The cheap web is a market, and it’s a huge one. But it’s a place that is dominated by asymmetric-information between buyers and sellers as in the market of lemons (George Akerlof, Michael Spence, and Joseph Stiglitz won the Nobel Price for this research). What happens in the market of lemons is that the quality of goods fall.

Wordpress leads the cheap web because it comes with thousand of free (beers) plugins you (or your webmaster) can click-install. Unfortunately when wordpress was first developed there were no APIs to build plugins or themes on, so programmers developed the habit of patching the source code in a huge spaghetti code mix of contents and presentation stuff.

Just in the last couple of years I’ve received at least a dozen of calls from people seeking for help because their websites were compromised. I’ve been able to realize what happened almost all the times and it was always because of some wordpress plugin (and a couple of themes).
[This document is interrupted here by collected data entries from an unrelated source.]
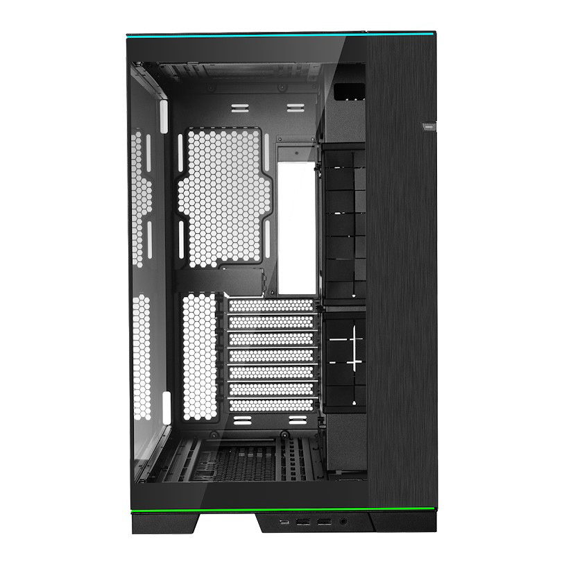強化ガラス製のフロント・サイド両パネル+取り外し可能なフロントピラーの採用と、ケース上下に配置されたL字型のRGBストリップによって、内部コンポーネントをシームレスかつ鮮やかに表現できることが最大の魅力です。
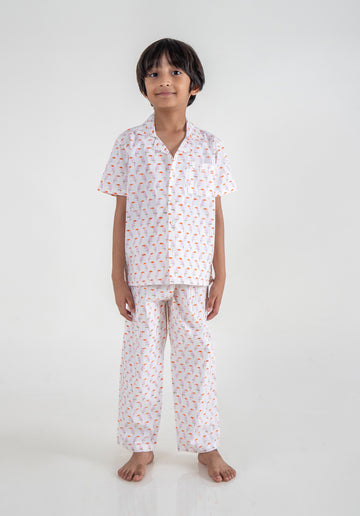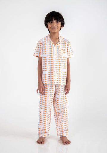 Block Printed Nightsuit Fish Orange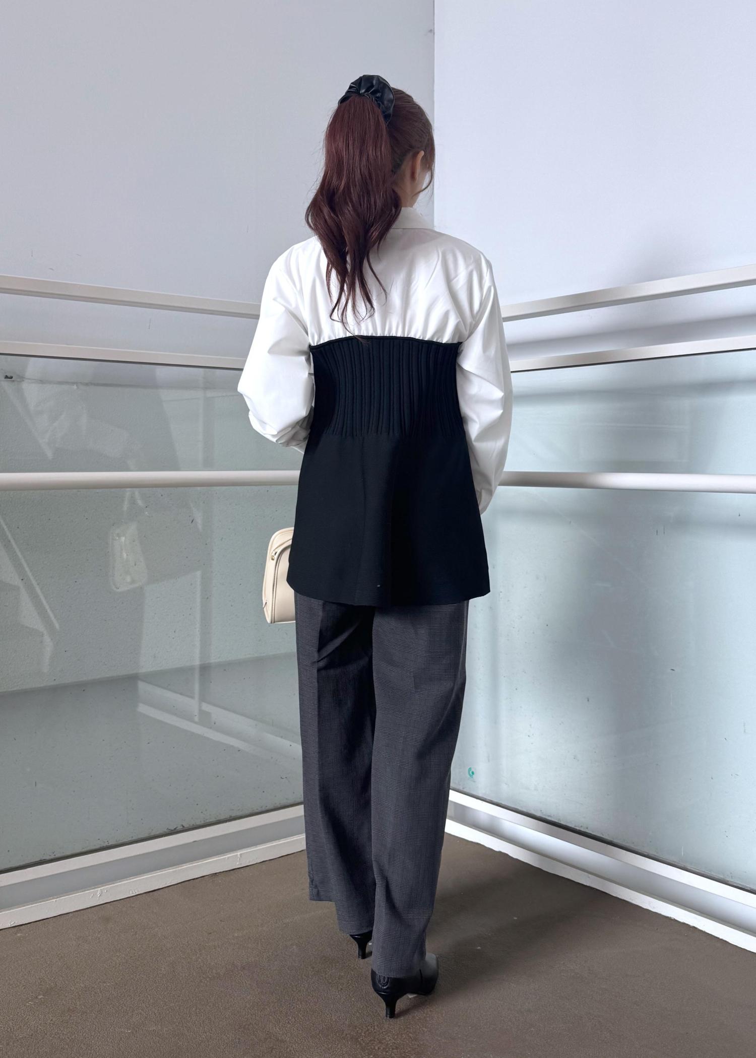 ROPÉ PICNICシャツドッキングペプラムニットブラック / F¥5,995レビューニットの部分がかなり収縮性があるので、全体的にゆったり着用できました。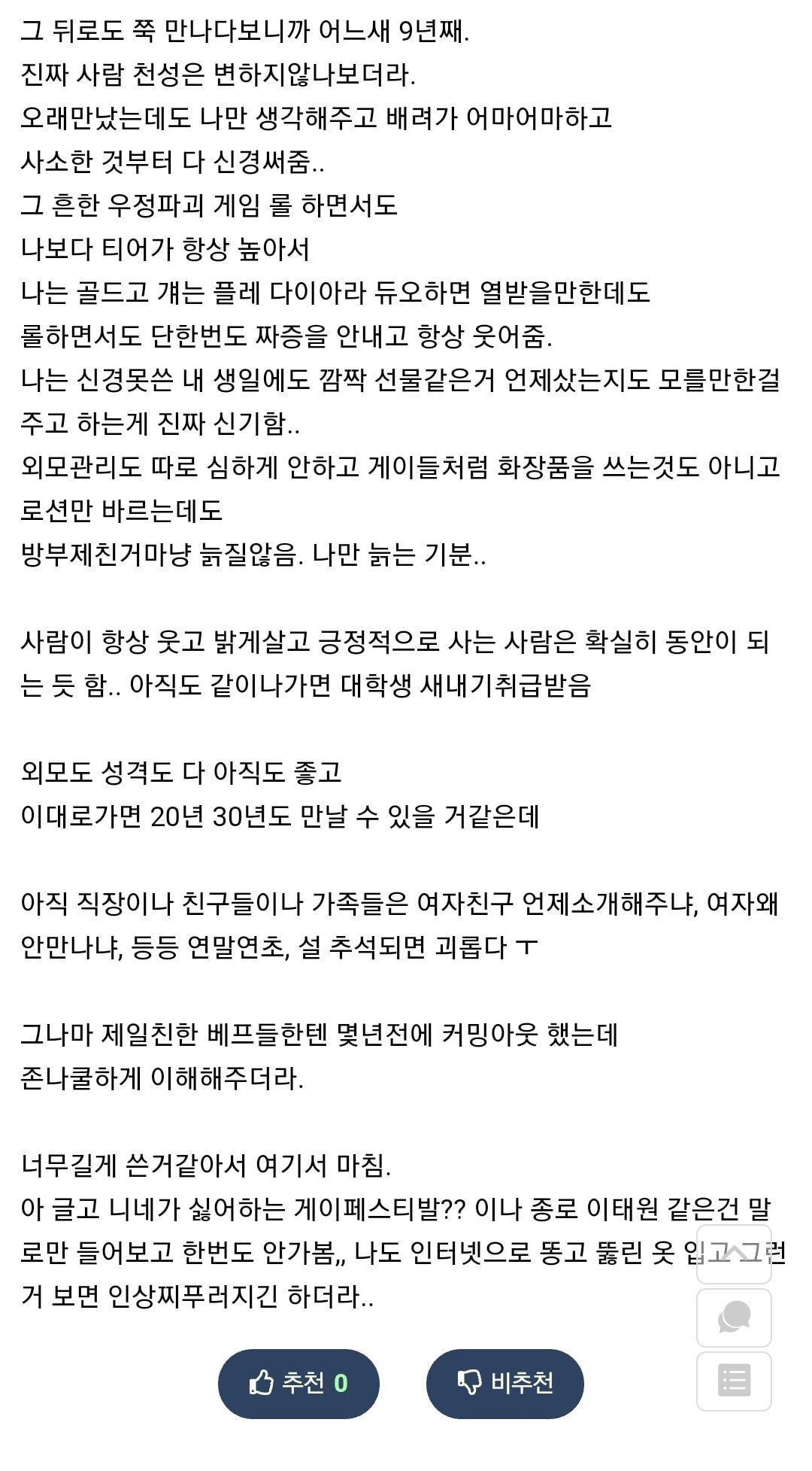 작성자이나빈 작성시간 21.12.15 어플 안 하는 자만추 범성애자인데 처음으로 여친 사귀었을 때 생각난다.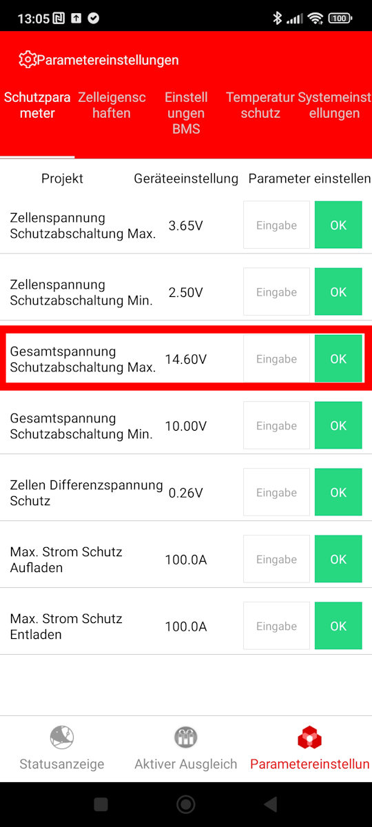 Meistens ist allerdings nicht dieser Wert derjenige, der die Ladung beendet, sondern der Wert Zellenspannung Schutzabschaltung Max., weil zumeist die Spannung der schwächsten Zelle beim Laden zuerst den eingstellten Maximalwert (hier 3,65V) erreicht und das BMS dann den Ladestromzweig abschaltet.
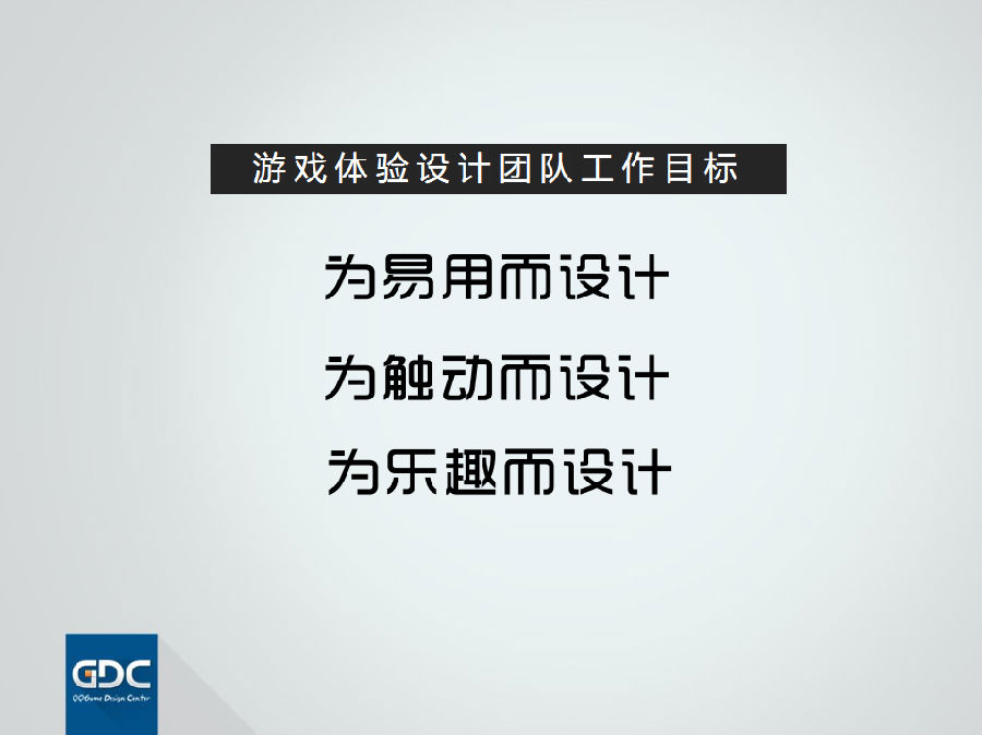 它具有本身游戏特点,并且它必须作为一个艺术品,有一定满足玩家欣赏需求的,作为网络游戏来说,它会更多的去重视社家方面的一些相互的交互作用。其实综合这些特性,它会给我们用户,也就是我们玩家以各种快感,这里面主要的来说,可能是他在游戏里面个人的一些技能,以及他的心里认知的成长感,并且他能够通过我们美术和音乐去体验到我们带给他的艺术感,并且他能够在游戏过程中和其他玩家竞争,来形成这样一个竞争感。所以我们整体游戏产品的形态,主要是要去注重他在好看、好玩、好用这几方面的体验。我们体验设计团队的工作目标,也主要是要以这样三个点去做重点的突破。今天主要给大家分享的还是触碰。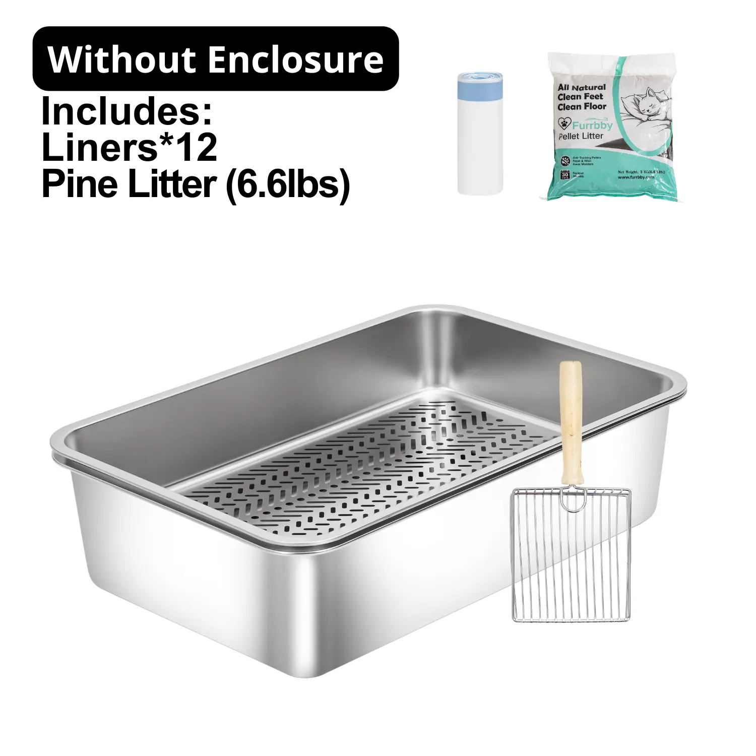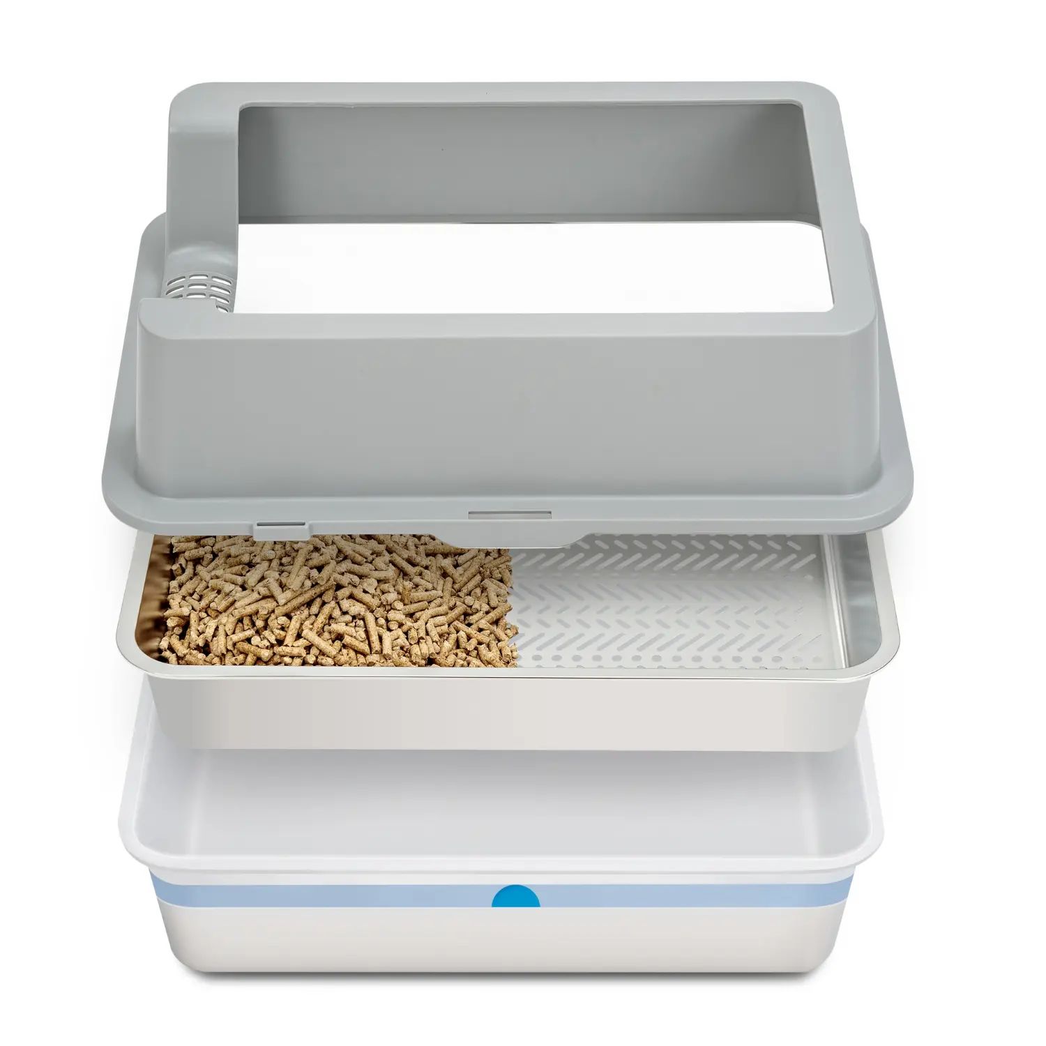 This stainless steel litter box comes with a filter layer, whose sifting holes are suitable for most pine pellet sizes while allowing dissolved litter to easily sift. The base layer is equipped with a custom-fitted liner.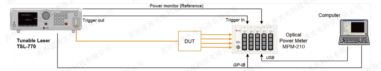 該激光器與Santec的功率計MPM-210和偏振控制器單元PCU-100集成,以創建交鑰匙WDL或PDL測量解決方案。Santec提供用于控制系統的軟件以及動態鏈接庫(DLL),以支持使用各種編程語言進行系統集成和控制。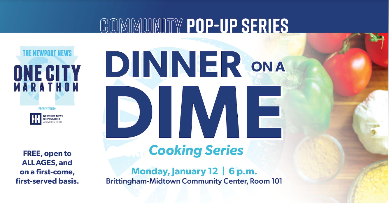 Dinner on a Dime Cooking Series- Join us for a fun and flavorful workshop where healthy eating meets real-life simplicity! Enjoy a live cooking demonstration from Amarja McCormick, Nutrition Education Facilitator with the Virginia Cooperative Extension, taste delicious samples, and learn how to create easy, low-cost meals that nourish your body and fit your budget. Perfect for beginners, food lovers, and anyone looking to cook smarter—not harder!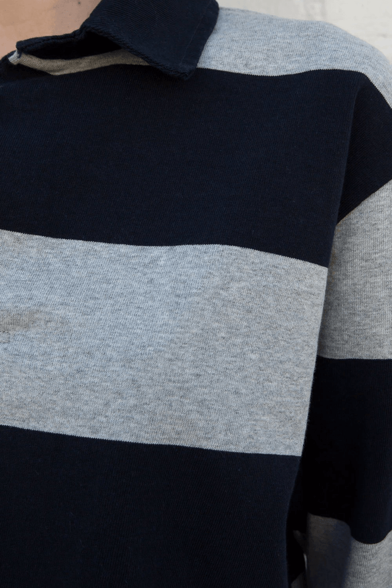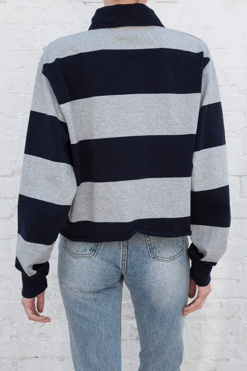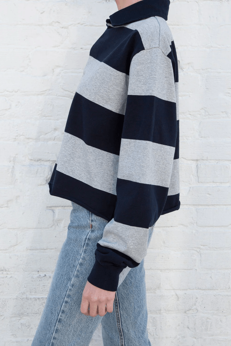 otkrijte Savršenu Kombinaciju Stila I Udobnosti Sa brandy Melville Evelyn Thick Stripe Top U Sivoj I Mornarskoj Plavoj Boji. Ovaj šik Top Sa Dugim Rukavima Ima Klasičan Dizajn Sa Kragnom Koji Bez Napora Podiže Svaku Kombinaciju, čineći Ga Neophodnim Dodatkom Vašoj Garderobi.

All these guys paid a great deal of money to get into the world of the cheap web.

Wordpress Exploits List

Unfortunately there’s no escape for the guys at Automattic other than write a security layer able to prevent plugins and themes developers to introduce vulnerabilities (or at least mitigate common flaws). But that would mean to break compatibility with all the existing stuff. In other words, the only way is to move wordpress on a different kind of market, where there are better competitors.

In a tradeoff between security and costs if you’re in the market where free is as in freedom breaking the compatibility to get the needed security is a natural choice, because it’s what the end users wants. But in the market of lemons (the cheap web) end users are not able to understand security and anyway it would be too much expensive for them to implement, so wordpress decided to trade costs for security.

I really hope this embarassing situation will change in the future and the guys at automattic will find a clever solution for a migration to a more secure platform.